» **WORK TO COMPLETE**: A verbatim copy is needed of the lines below from the one containing "Θερμική ασφάλεια, υπερέντασης, 5A, (98-05-A1B14-B0B-B)" up to and including the one containing "Tyto elegantní náušnice", excluding pictures.

» **RECORDS SHOWN**:
—————

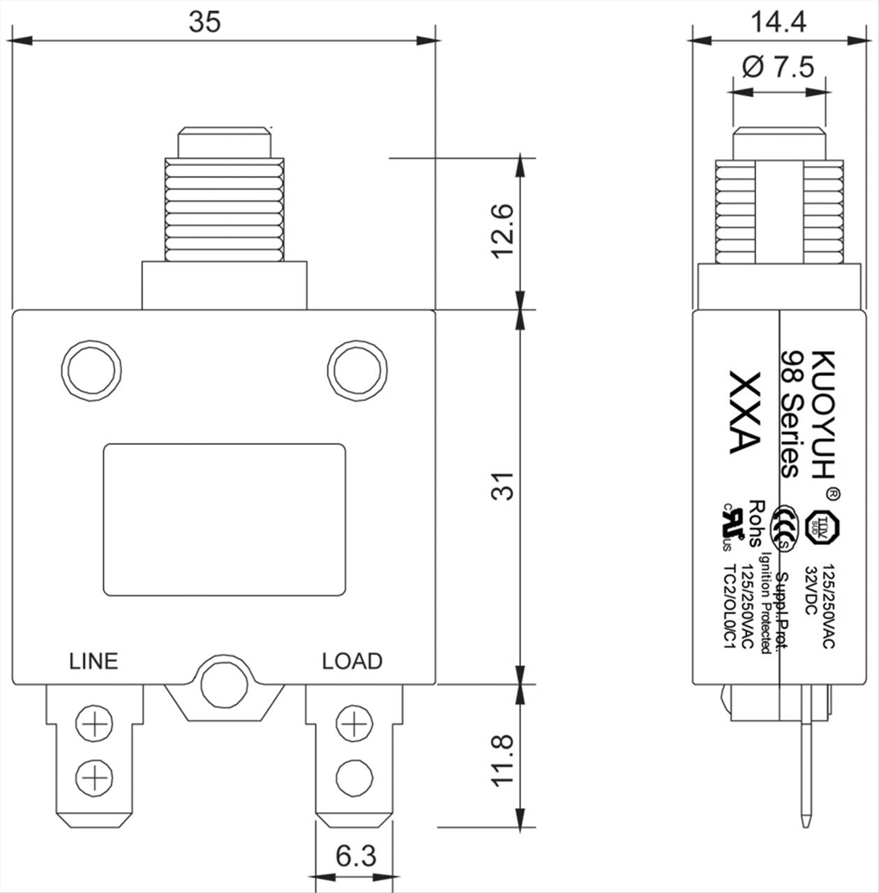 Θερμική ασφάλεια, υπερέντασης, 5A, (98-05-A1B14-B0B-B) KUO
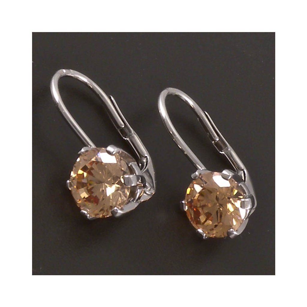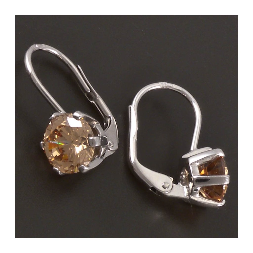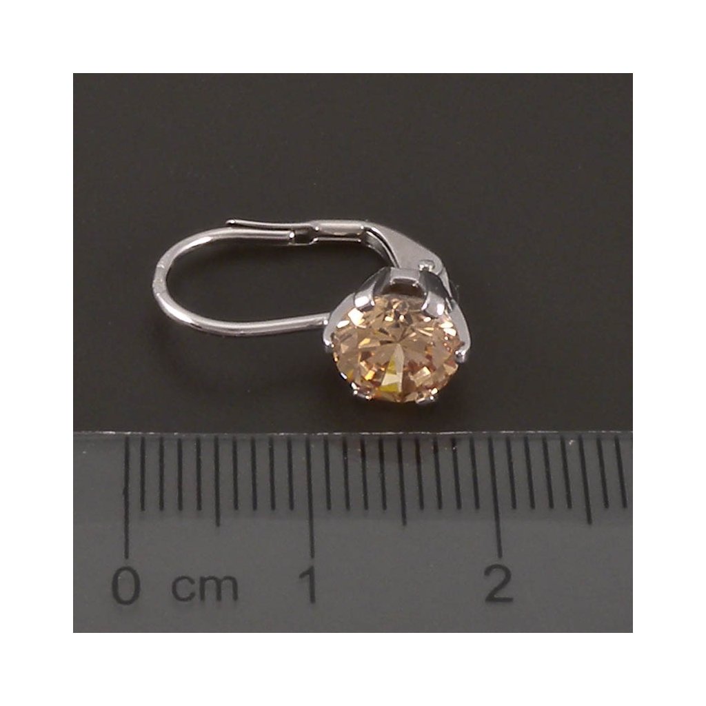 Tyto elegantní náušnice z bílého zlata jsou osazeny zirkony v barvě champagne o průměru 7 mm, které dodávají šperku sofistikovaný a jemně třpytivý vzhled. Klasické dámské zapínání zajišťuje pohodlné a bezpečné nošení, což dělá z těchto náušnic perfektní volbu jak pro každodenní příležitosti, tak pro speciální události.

—————

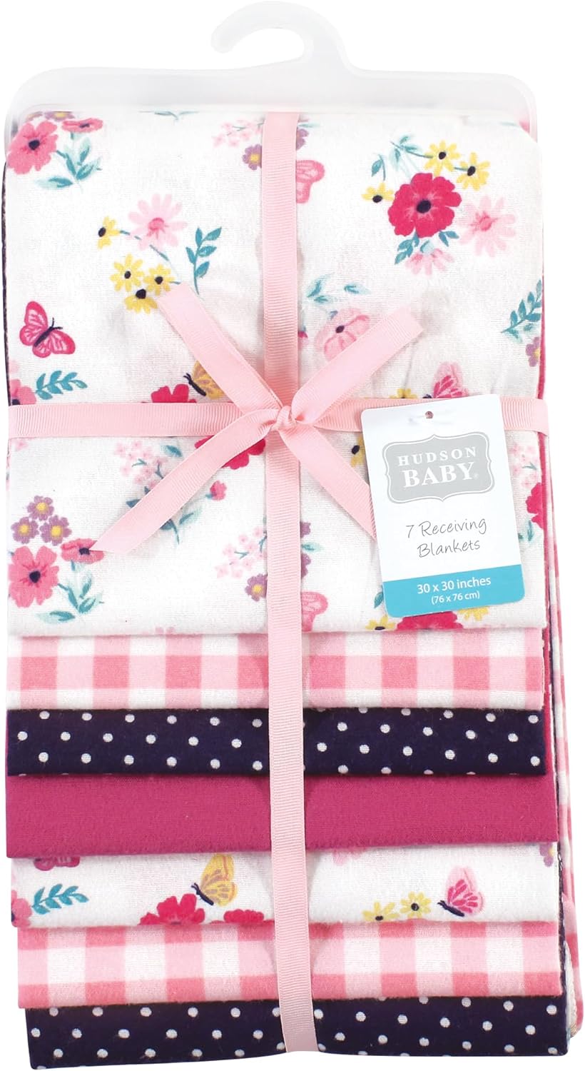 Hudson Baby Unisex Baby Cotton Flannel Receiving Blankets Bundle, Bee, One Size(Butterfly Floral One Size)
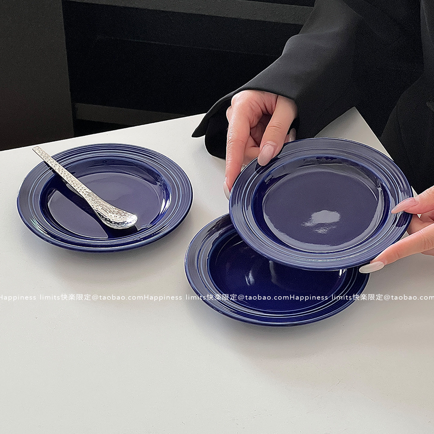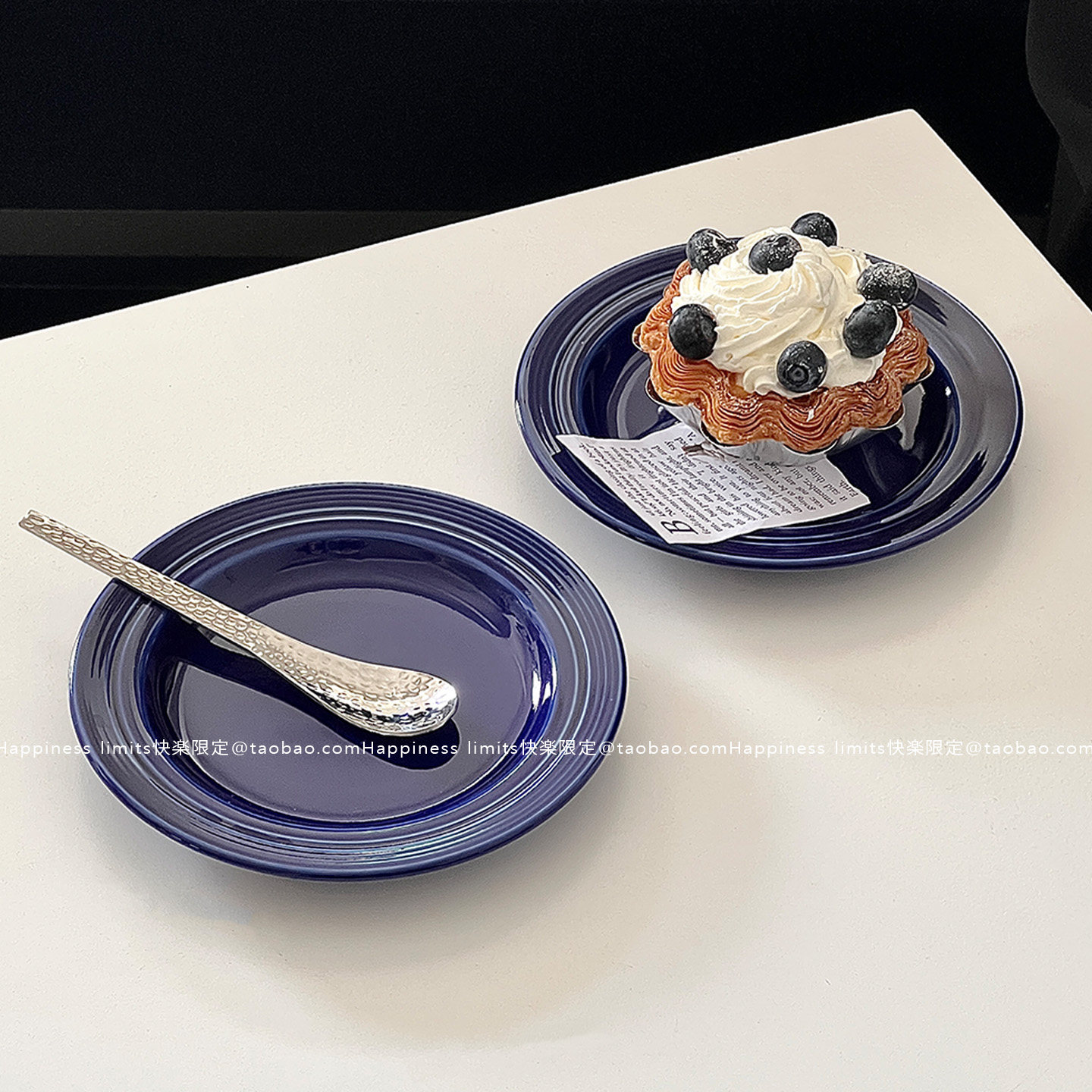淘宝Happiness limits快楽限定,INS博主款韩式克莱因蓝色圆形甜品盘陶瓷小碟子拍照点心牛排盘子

—————

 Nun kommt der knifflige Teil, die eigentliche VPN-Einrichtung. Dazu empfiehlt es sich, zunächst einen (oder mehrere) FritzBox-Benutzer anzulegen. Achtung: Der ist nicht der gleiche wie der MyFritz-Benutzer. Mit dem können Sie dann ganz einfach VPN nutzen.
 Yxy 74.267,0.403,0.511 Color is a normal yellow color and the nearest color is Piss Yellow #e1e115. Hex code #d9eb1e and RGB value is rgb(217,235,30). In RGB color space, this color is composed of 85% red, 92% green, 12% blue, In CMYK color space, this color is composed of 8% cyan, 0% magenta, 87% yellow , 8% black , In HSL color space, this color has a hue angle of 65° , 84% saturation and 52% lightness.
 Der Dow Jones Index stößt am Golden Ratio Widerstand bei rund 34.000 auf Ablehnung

—————

» **OUTPUT OF THE EXERCISE**:
 Θερμική ασφάλεια, υπερέντασης, 5A, (98-05-A1B14-B0B-B) KUO
 Tyto elegantní náušnice z bílého zlata jsou osazeny zirkony v barvě champagne o průměru 7 mm, které dodávají šperku sofistikovaný a jemně třpytivý vzhled. Klasické dámské zapínání zajišťuje pohodlné a bezpečné nošení, což dělá z těchto náušnic perfektní volbu jak pro každodenní příležitosti, tak pro speciální události.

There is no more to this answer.